Crypto-related banking is the most constrained segment. Most traditional Cypriot banks explicitly prefer not to process flows from crypto exchanges or businesses whose primary revenue comes from digital assets. The Central Bank of Cyprus has not issued formal guidance prohibiting crypto flows, but banks apply internal policies that result in account closures or transaction rejections when crypto-origin funds are identified. Ancoria Bank and AstroBank have shown more flexibility for well-documented crypto professionals, but this remains case-by-case and documentation-intensive. EU-licensed crypto-native EMIs (Kraken Bank, Coinbase Institutional) are used by Cyprus-based crypto businesses as primary banking channels, with Cypriot bank accounts for local operational expenses only.
Frequently asked
Can Russians open a bank account in Cyprus?
Access is rated "limited": not closed, but significantly harder than for EU nationals. No formal nationality ban exists under EU or Cypriot law. In practice, Bank of Cyprus and Eurobank apply heightened screening that frequently results in declined applications. AstroBank and Ancoria Bank are more likely to work through a complete application. The most reliable success factors are legal Cypriot residency, EU-sourced verifiable income, and an introduction through a licensed Limassol accounting or law firm.
Is my money safe in a Cypriot bank after the 2013 crisis?
Yes, up to € 100,000 per bank per depositor. The 2013 bail-in affected deposits above that protection threshold; uninsured deposits were converted to equity at Bank of Cyprus or lost at Laiki Bank. Since then, Cyprus has implemented the full EU Deposit Guarantee Schemes Directive: your deposits up to € 100,000 carry the same protection as in any other EU member state. The practical lesson from 2013: do not hold more than € 100,000 at any single institution.
How long does it take to open a bank account in Cyprus?
Typically 2–4 weeks for a personal non-resident account with a complete document pack. Corporate accounts run six to twelve weeks. Incomplete documentation (missing source-of-funds proof, expired address evidence, or incomplete UBO chains for companies) is the most common cause of delay and resets the KYC clock. A professional introduction from a Limassol law or accounting firm can reduce processing time meaningfully.
Can I make SWIFT transfers from a Cypriot bank?
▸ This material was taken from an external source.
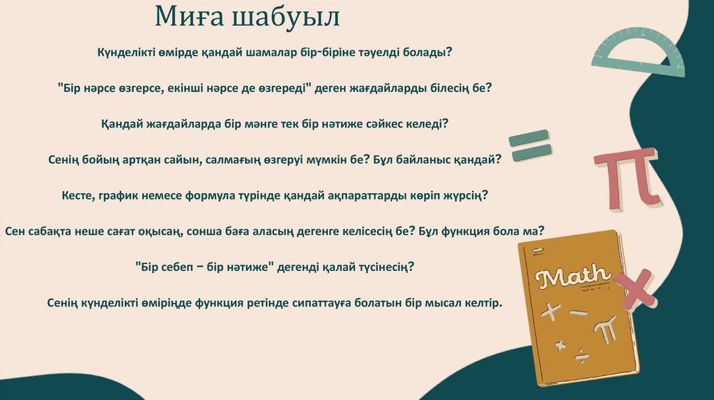 Миға шабуылКүнделікті өмірде қандай шамалар бір-біріне тәуелді болады?

Yes. Cypriot banks maintain SWIFT and process international payments in USD, GBP, CHF, EUR, and other major currencies. Correspondent routes to Russia have been significantly curtailed since 2022 at most institutions; transfers to most other non-sanctioned jurisdictions (US, UK, UAE, Singapore, Israel, EU) proceed normally. SEPA transfers within the eurozone are standard and instant-capable.
Can a crypto business open a bank account in Cyprus?
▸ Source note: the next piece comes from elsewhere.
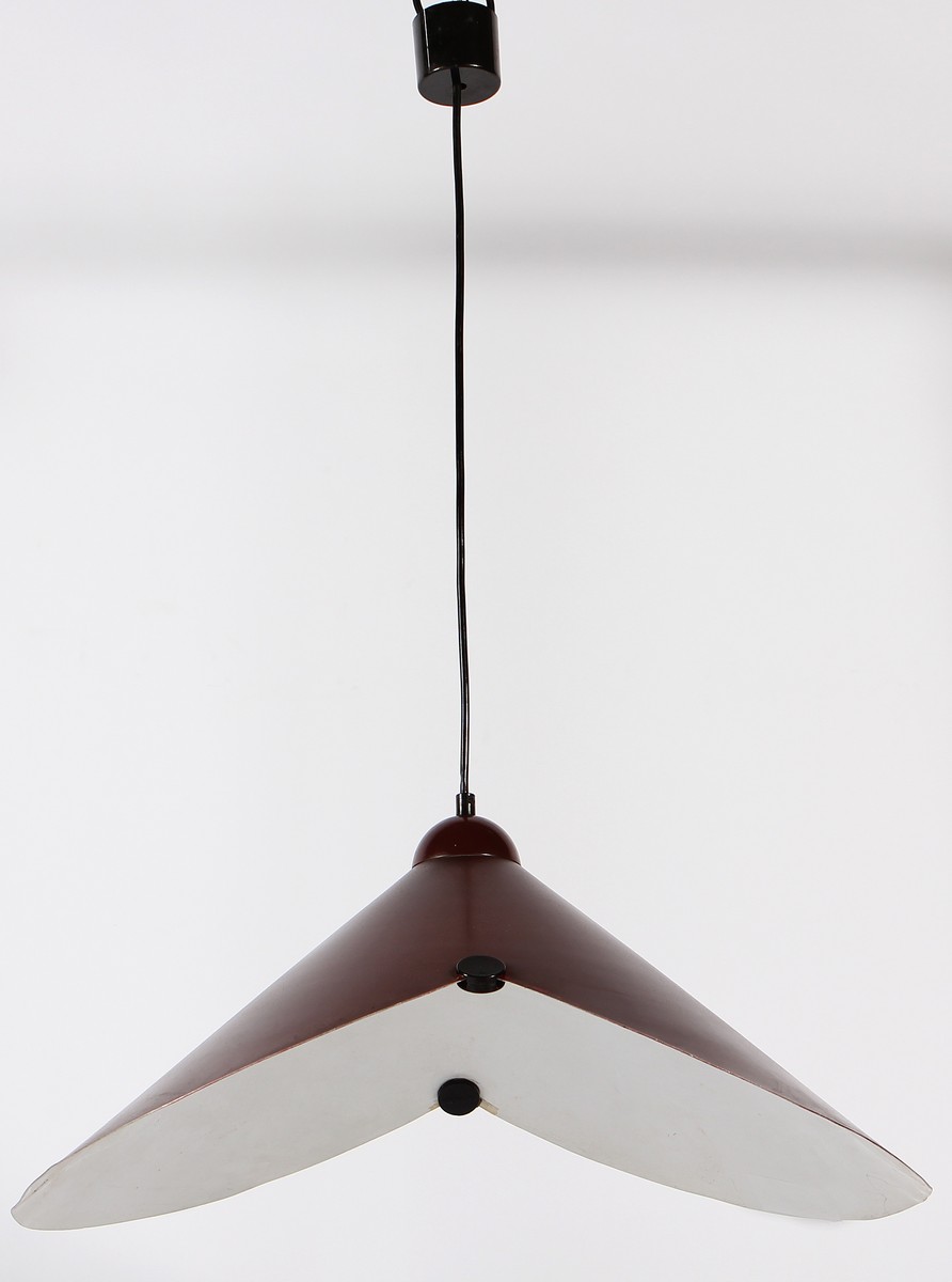 STILNOVO Lampadario. Metallo laccato. Cm 27,00 x 60,00 x 42,50. Anni '70.

With difficulty. Most traditional Cypriot banks apply internal policies that result in declined accounts or transaction blocks for businesses whose primary revenue is crypto-related. Ancoria and AstroBank are the most flexible among traditional banks but require thorough KYC and documentation of the business model. EU-licensed crypto-native EMIs are the practical primary banking channel for Cyprus-based crypto operations, with a Cypriot bank account used for local operational expenses.
What documents do I need to open a Cypriot bank account?
The standard non-resident pack: valid passport (full scan), proof of overseas address (utility bill or bank statement dated within 3 months), source-of-funds explanation (employment contract, company shareholding, portfolio statement), and a tax residence certificate from your current country of tax residence. For corporate accounts, add: incorporation documents, register extract, beneficial-owner declaration for all UBOs above 25 %, and business plan or description of activities.